Your objective — For this exercise, reproduce each entry below exactly, excluding pictures.

═══ Entries provided ═══

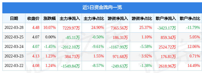 资金流向数据方面,当日主力资金净流入7229.97万元,游资资金净流入7365.56万元,散户资金净流出3423.17万元。近5日资金流向一览见下表:
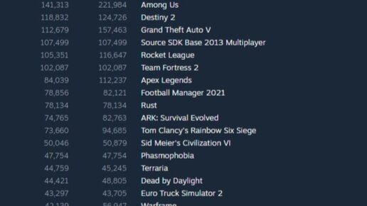 10 самых популярных игр в Steam в 2022 году по среднему количеству игроков в час
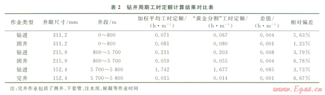 根據(jù)塔里木油田輪南區(qū)塊已鉆井不同井段的樣本數(shù)量,分別采用“3、5、2”分段加權(quán)平均法和“黃金分割”法,編制出該區(qū)塊鉆井周期工時(shí)定額,并對(duì)比分析兩種方法的先進(jìn)程度(表2)。從計(jì)算結(jié)果可以看出,采用“黃金分割”測(cè)算的鉆井周期工時(shí)定額值比“3、5、2”分段加權(quán)平均法測(cè)算值要先進(jìn)l.23%~678%。顯然,采用“黃金分割”法測(cè)算的鉆井周期工時(shí)定額精度要優(yōu)于“3、5、2”分段加權(quán)平均法。
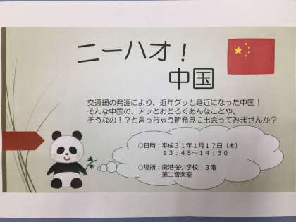 「地域とともに学ぶ 第3弾」で「ニーハオ 中国」の学びをします!保護者の方が講師として、子どもたちと学びをつくってくれます!
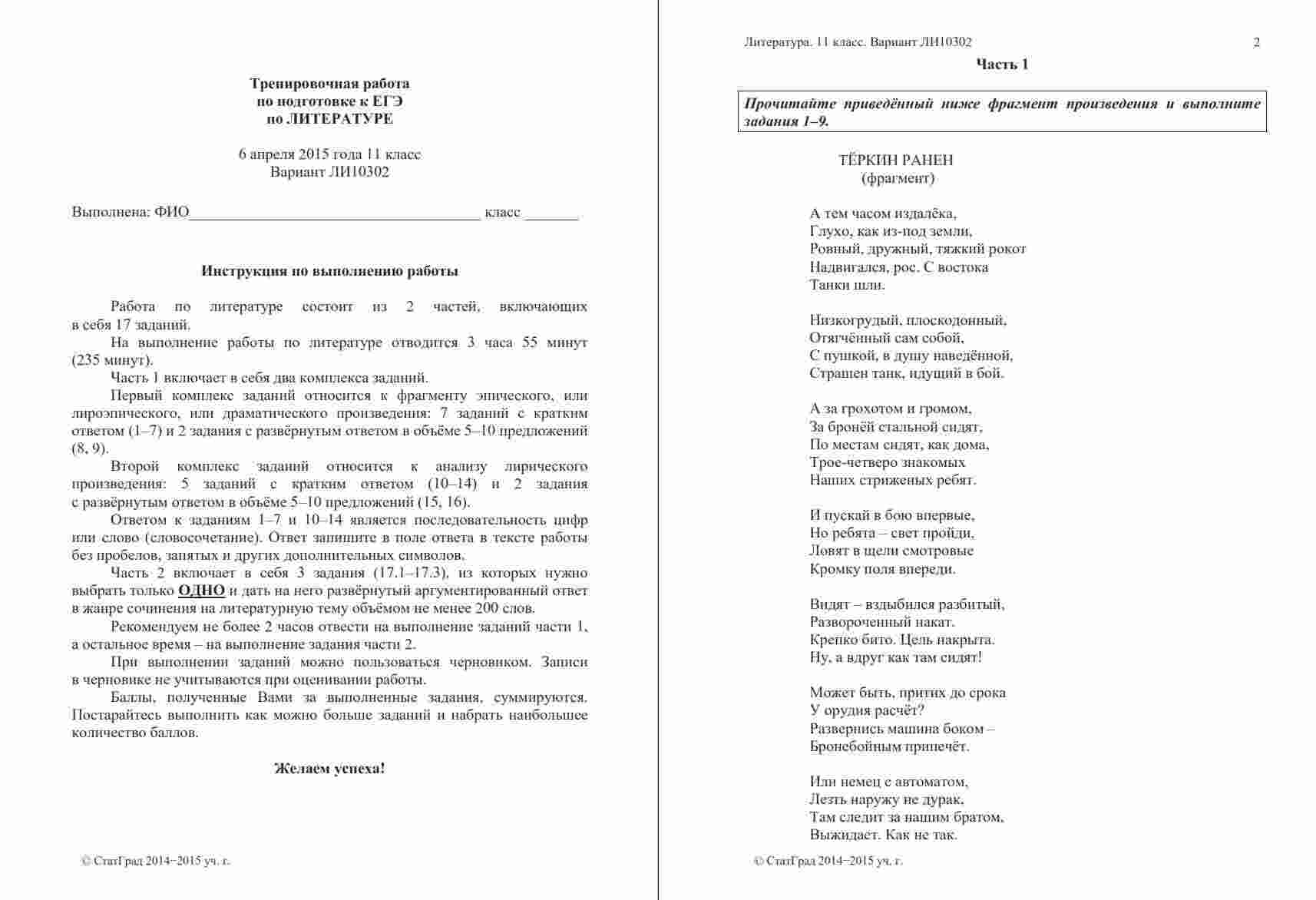 "ЕГЭ 2015 Литература 11 класс. Тренировочная работа 3. 06.04.2015. 235 минут. Ответы. Критерии. Вариант ЛИ10301-2" представляет собой третью тренировочную работу, разработанную для подготовки к ЕГЭ по литературе в 2015 году. Этот вариант ориентирован на полноценное тестирование ваших знаний и навыков. Книга включает в себя разнообразные задания, охватывающие разные аспекты литературного анализа. Вы сможете попрактиковаться в анализе текстов, определении литературных приемов и аргументации ваших ответов. Кроме того, в книге представлены подробные ответы и объяснения к каждому заданию, а также критерии оценивания. Работая с этой тренировочной работой, вы сможете оценить свой уровень подготовки и выявить слабые места в своих знаниях. Это позволит вам более эффективно распределить усилия в подготовке к ЕГЭ и повысить свои шансы на успешное сдачу экзамена.

═══

Solution for this task —
 资金流向数据方面,当日主力资金净流入7229.97万元,游资资金净流入7365.56万元,散户资金净流出3423.17万元。近5日资金流向一览见下表:
 10 самых популярных игр в Steam в 2022 году по среднему количеству игроков в час
 根據(jù)塔里木油田輪南區(qū)塊已鉆井不同井段的樣本數(shù)量,分別采用“3、5、2”分段加權(quán)平均法和“黃金分割”法,編制出該區(qū)塊鉆井周期工時(shí)定額,并對(duì)比分析兩種方法的先進(jìn)程度(表2)。從計(jì)算結(jié)果可以看出,采用“黃金分割”測(cè)算的鉆井周期工時(shí)定額值比“3、5、2”分段加權(quán)平均法測(cè)算值要先進(jìn)l.23%~678%。顯然,采用“黃金分割”法測(cè)算的鉆井周期工時(shí)定額精度要優(yōu)于“3、5、2”分段加權(quán)平均法。
 「地域とともに学ぶ 第3弾」で「ニーハオ 中国」の学びをします!保護者の方が講師として、子どもたちと学びをつくってくれます!
 "ЕГЭ 2015 Литература 11 класс. Тренировочная работа 3. 06.04.2015. 235 минут. Ответы. Критерии. Вариант ЛИ10301-2" представляет собой третью тренировочную работу, разработанную для подготовки к ЕГЭ по литературе в 2015 году. Этот вариант ориентирован на полноценное тестирование ваших знаний и навыков. Книга включает в себя разнообразные задания, охватывающие разные аспекты литературного анализа. Вы сможете попрактиковаться в анализе текстов, определении литературных приемов и аргументации ваших ответов. Кроме того, в книге представлены подробные ответы и объяснения к каждому заданию, а также критерии оценивания. Работая с этой тренировочной работой, вы сможете оценить свой уровень подготовки и выявить слабые места в своих знаниях. Это позволит вам более эффективно распределить усилия в подготовке к ЕГЭ и повысить свои шансы на успешное сдачу экзамена.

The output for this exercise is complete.